Task data:
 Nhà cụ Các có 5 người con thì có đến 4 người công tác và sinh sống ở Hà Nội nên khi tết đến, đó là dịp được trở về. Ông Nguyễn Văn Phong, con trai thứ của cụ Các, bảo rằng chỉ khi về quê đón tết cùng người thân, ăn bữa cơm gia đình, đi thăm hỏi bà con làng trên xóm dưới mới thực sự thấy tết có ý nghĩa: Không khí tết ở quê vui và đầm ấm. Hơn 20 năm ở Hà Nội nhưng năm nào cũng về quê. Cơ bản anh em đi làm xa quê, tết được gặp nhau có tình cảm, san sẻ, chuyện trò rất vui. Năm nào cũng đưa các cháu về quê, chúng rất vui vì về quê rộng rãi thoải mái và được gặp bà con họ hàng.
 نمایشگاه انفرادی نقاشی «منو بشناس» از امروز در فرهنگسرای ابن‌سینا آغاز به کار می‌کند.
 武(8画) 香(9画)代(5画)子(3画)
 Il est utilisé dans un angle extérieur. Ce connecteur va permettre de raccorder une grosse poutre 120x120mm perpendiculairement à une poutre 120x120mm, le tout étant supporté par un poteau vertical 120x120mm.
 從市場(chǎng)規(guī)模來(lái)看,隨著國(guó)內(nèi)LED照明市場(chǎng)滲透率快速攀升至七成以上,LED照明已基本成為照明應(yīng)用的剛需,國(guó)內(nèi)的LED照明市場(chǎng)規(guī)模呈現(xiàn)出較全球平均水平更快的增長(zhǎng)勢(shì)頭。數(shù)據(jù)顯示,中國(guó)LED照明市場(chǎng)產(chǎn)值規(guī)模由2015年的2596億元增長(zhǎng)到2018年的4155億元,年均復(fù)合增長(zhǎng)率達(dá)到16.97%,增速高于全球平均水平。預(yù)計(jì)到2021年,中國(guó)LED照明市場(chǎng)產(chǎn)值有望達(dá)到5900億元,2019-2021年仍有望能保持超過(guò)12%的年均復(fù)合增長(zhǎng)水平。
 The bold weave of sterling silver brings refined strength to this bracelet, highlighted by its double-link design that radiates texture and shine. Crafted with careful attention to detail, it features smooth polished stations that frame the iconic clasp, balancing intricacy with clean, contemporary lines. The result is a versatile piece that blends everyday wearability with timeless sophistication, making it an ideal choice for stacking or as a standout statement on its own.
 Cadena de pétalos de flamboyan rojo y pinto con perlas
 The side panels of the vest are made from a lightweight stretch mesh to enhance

---

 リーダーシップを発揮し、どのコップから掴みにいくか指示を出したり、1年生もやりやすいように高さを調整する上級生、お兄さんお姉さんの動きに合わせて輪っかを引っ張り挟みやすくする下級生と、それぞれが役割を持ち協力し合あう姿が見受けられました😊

Try it:
Copy out each line of the data above, exactly, if it lies between the line holding "從市場(chǎng)規(gu" and the line holding "The side panels", inclusive; copy no other line.

Exercise output:
 從市場(chǎng)規(guī)模來(lái)看,隨著國(guó)內(nèi)LED照明市場(chǎng)滲透率快速攀升至七成以上,LED照明已基本成為照明應(yīng)用的剛需,國(guó)內(nèi)的LED照明市場(chǎng)規(guī)模呈現(xiàn)出較全球平均水平更快的增長(zhǎng)勢(shì)頭。數(shù)據(jù)顯示,中國(guó)LED照明市場(chǎng)產(chǎn)值規(guī)模由2015年的2596億元增長(zhǎng)到2018年的4155億元,年均復(fù)合增長(zhǎng)率達(dá)到16.97%,增速高于全球平均水平。預(yù)計(jì)到2021年,中國(guó)LED照明市場(chǎng)產(chǎn)值有望達(dá)到5900億元,2019-2021年仍有望能保持超過(guò)12%的年均復(fù)合增長(zhǎng)水平。
 The bold weave of sterling silver brings refined strength to this bracelet, highlighted by its double-link design that radiates texture and shine. Crafted with careful attention to detail, it features smooth polished stations that frame the iconic clasp, balancing intricacy with clean, contemporary lines. The result is a versatile piece that blends everyday wearability with timeless sophistication, making it an ideal choice for stacking or as a standout statement on its own.
 Cadena de pétalos de flamboyan rojo y pinto con perlas
 The side panels of the vest are made from a lightweight stretch mesh to enhance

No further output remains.